:: Provided records ::

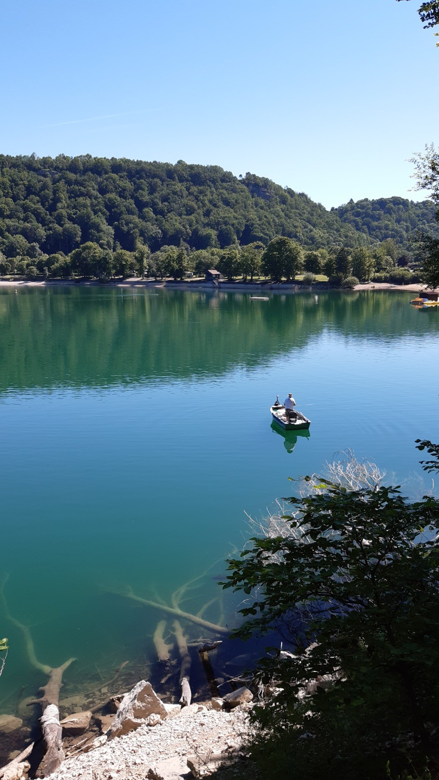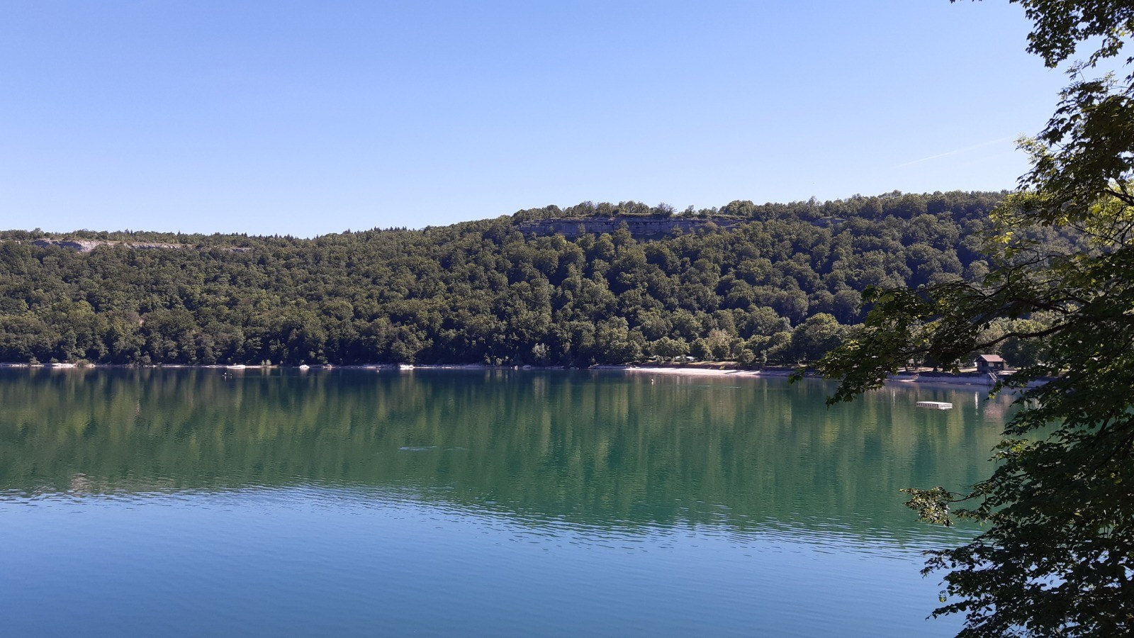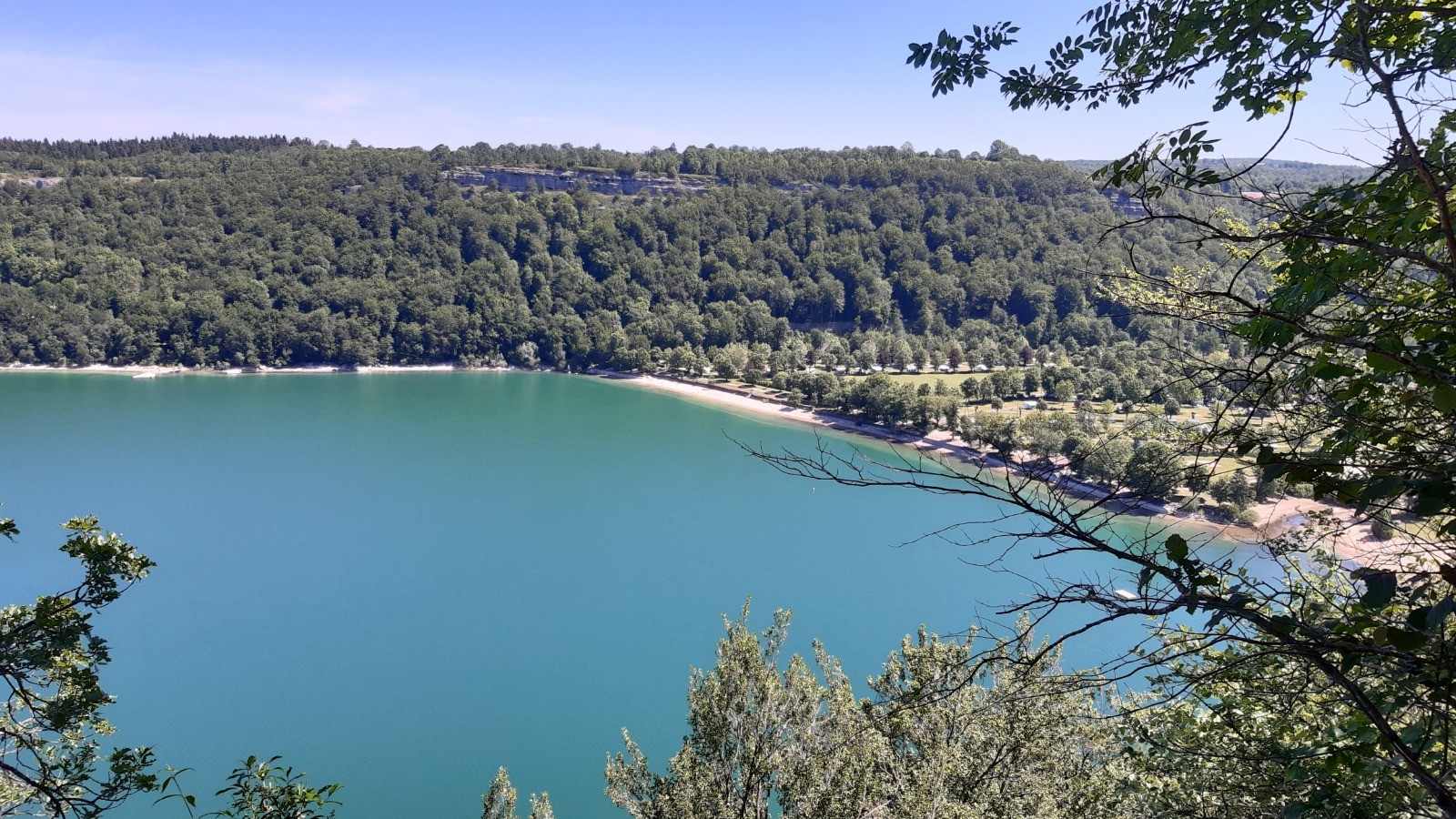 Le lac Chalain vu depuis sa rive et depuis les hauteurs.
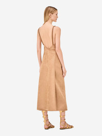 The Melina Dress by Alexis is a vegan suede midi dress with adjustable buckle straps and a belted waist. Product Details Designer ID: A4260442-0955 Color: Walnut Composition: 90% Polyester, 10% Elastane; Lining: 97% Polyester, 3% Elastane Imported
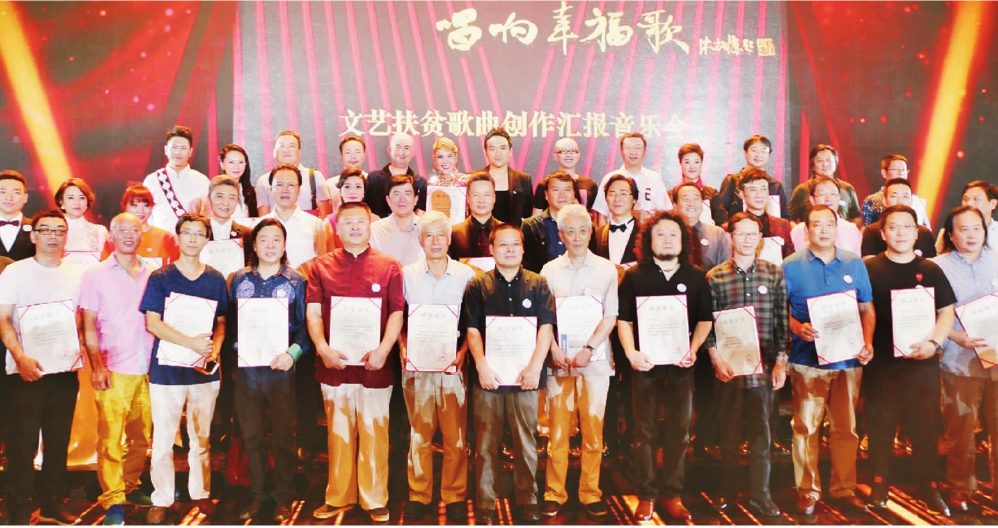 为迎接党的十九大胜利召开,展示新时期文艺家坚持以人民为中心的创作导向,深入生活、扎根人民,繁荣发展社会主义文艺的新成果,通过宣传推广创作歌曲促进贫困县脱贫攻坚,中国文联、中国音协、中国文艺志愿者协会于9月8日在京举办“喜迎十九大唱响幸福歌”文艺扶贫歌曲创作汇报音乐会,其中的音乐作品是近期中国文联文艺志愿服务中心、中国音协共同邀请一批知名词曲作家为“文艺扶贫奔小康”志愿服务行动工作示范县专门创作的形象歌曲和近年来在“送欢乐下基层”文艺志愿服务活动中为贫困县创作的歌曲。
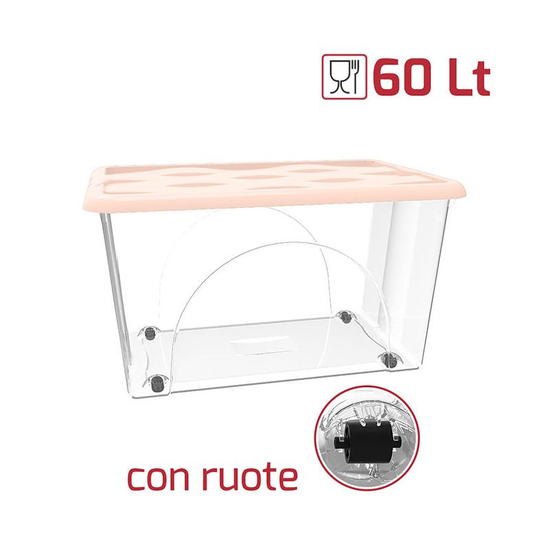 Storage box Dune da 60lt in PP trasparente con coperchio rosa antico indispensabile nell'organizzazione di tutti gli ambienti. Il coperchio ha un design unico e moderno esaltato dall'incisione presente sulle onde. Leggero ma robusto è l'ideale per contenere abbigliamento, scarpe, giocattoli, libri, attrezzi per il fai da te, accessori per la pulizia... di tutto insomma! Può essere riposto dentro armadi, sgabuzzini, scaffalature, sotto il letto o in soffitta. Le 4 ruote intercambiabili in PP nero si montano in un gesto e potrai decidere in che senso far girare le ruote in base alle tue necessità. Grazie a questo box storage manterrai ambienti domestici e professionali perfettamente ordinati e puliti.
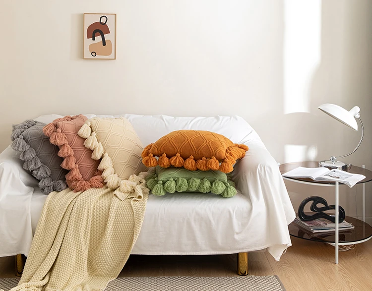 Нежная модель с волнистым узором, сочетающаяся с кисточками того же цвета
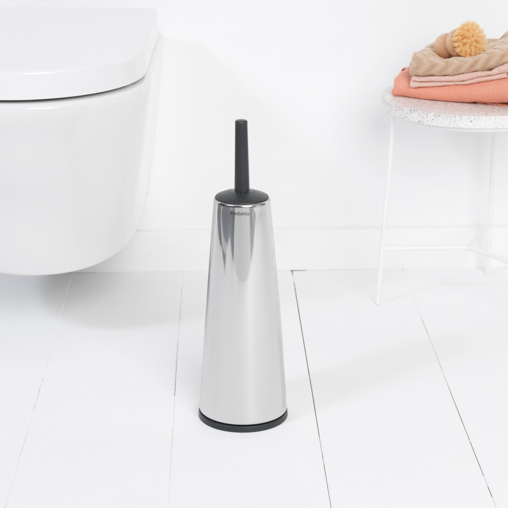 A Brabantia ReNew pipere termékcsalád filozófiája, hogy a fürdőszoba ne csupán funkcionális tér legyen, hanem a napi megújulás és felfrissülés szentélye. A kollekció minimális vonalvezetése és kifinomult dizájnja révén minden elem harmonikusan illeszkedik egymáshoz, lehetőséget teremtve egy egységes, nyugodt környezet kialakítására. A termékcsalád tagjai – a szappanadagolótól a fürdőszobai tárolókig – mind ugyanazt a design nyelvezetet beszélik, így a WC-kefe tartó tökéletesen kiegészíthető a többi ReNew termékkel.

:::
:: Provided records ::

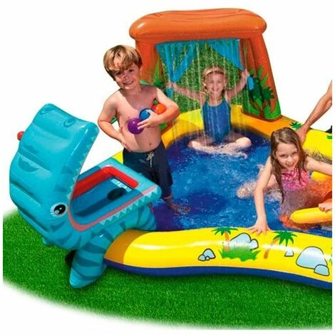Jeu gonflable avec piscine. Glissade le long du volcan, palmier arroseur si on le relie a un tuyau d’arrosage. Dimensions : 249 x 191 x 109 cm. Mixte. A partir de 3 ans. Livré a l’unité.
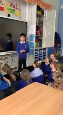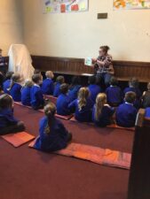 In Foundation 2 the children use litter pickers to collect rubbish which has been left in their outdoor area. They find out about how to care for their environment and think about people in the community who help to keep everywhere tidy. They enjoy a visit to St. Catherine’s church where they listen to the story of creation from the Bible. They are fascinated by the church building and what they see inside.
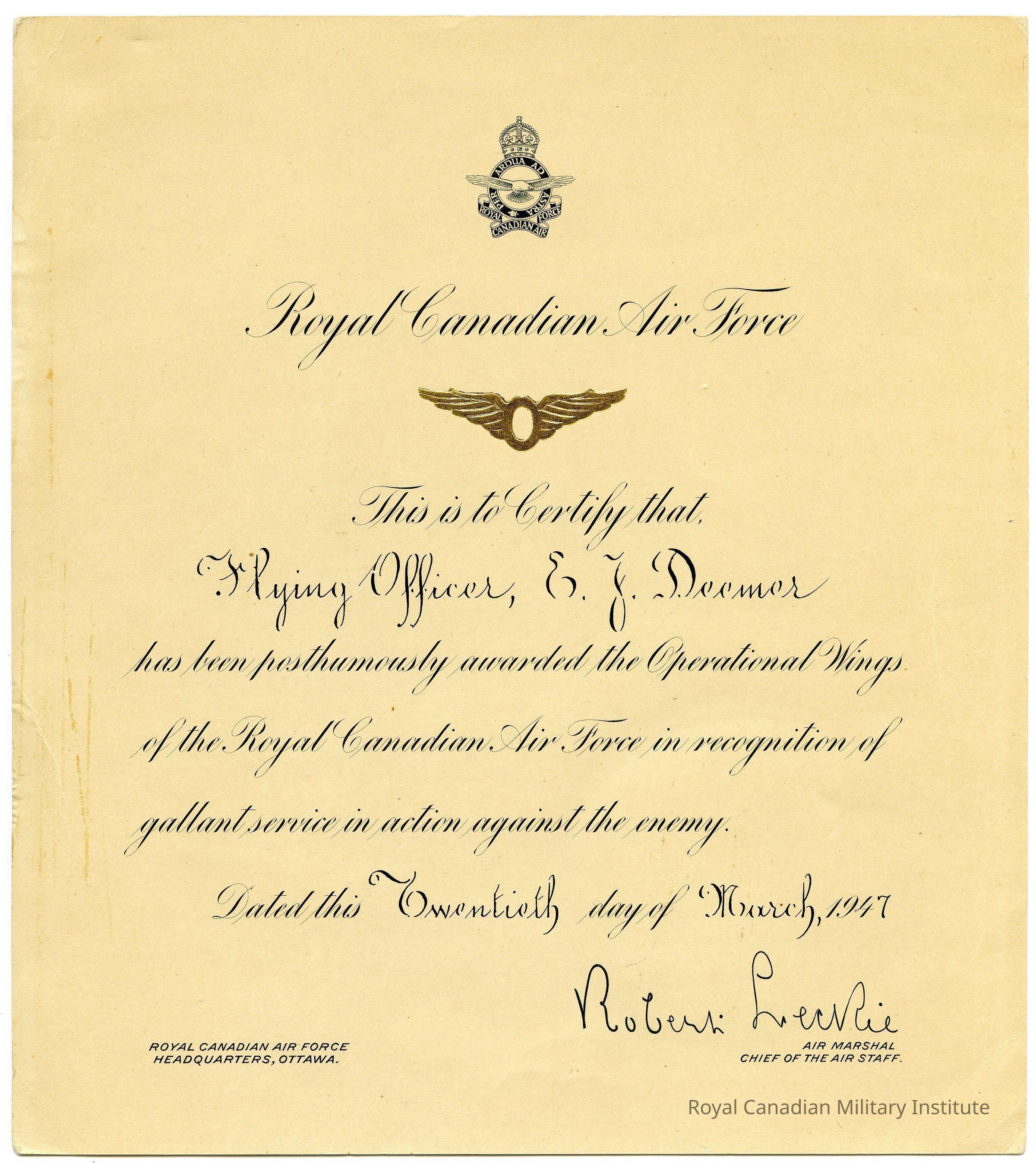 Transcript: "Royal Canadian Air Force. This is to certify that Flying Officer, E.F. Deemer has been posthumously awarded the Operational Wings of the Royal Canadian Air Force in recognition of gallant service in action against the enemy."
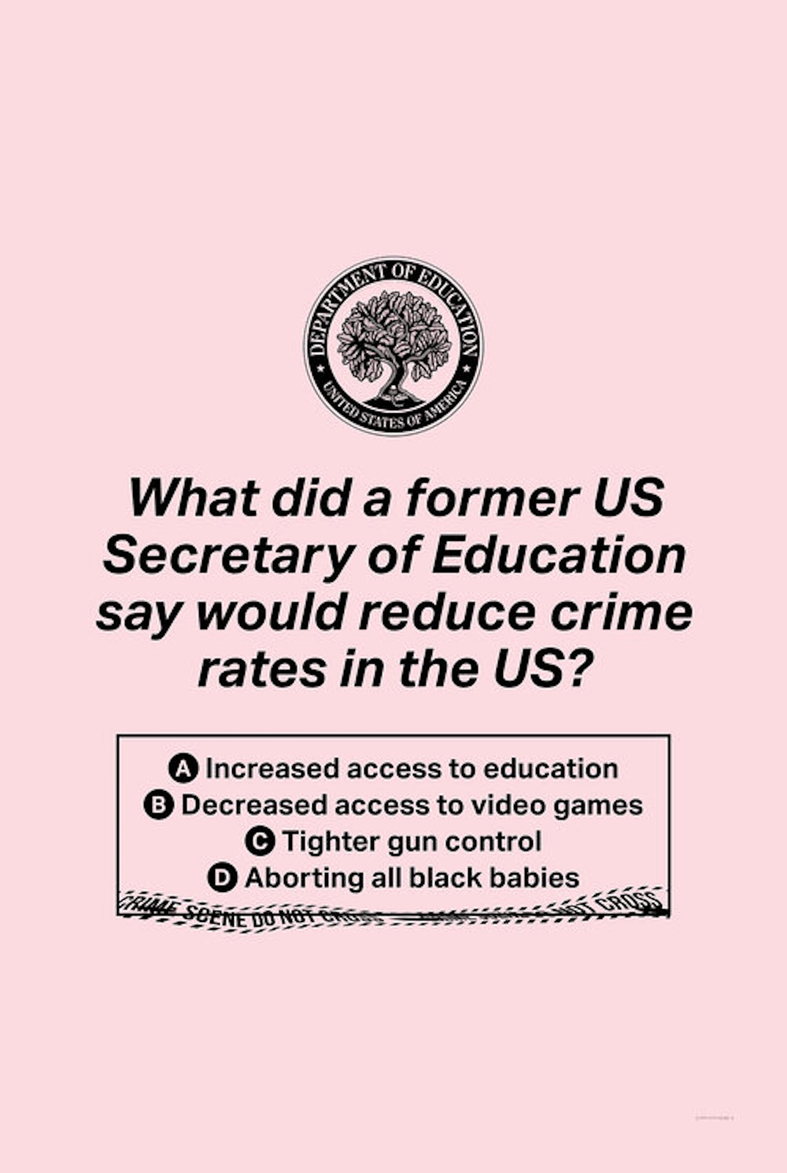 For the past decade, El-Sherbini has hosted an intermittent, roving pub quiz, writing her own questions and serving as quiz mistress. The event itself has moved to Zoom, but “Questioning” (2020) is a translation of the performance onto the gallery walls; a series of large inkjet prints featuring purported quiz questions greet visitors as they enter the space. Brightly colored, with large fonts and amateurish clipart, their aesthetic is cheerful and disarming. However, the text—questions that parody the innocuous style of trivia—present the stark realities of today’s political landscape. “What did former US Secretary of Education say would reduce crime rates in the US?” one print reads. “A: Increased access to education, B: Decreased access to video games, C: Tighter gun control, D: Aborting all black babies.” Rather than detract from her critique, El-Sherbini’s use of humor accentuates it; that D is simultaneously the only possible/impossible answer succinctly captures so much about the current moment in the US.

:::
:: Provided records ::

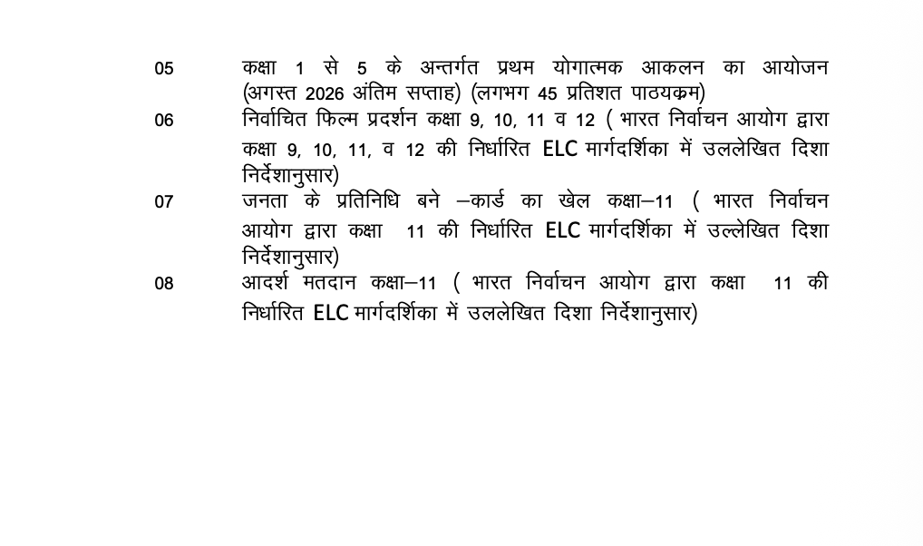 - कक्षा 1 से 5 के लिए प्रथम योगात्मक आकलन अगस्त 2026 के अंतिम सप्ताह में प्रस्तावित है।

:::

» Goal of the exercise
Copy out the lines above from the line containing "Storage box Dune" through the line containing "Нежная модель с", exactly, and keep the pictures out.

» Solution for this task
 Storage box Dune da 60lt in PP trasparente con coperchio rosa antico indispensabile nell'organizzazione di tutti gli ambienti. Il coperchio ha un design unico e moderno esaltato dall'incisione presente sulle onde. Leggero ma robusto è l'ideale per contenere abbigliamento, scarpe, giocattoli, libri, attrezzi per il fai da te, accessori per la pulizia... di tutto insomma! Può essere riposto dentro armadi, sgabuzzini, scaffalature, sotto il letto o in soffitta. Le 4 ruote intercambiabili in PP nero si montano in un gesto e potrai decidere in che senso far girare le ruote in base alle tue necessità. Grazie a questo box storage manterrai ambienti domestici e professionali perfettamente ordinati e puliti.
 Нежная модель с волнистым узором, сочетающаяся с кисточками того же цвета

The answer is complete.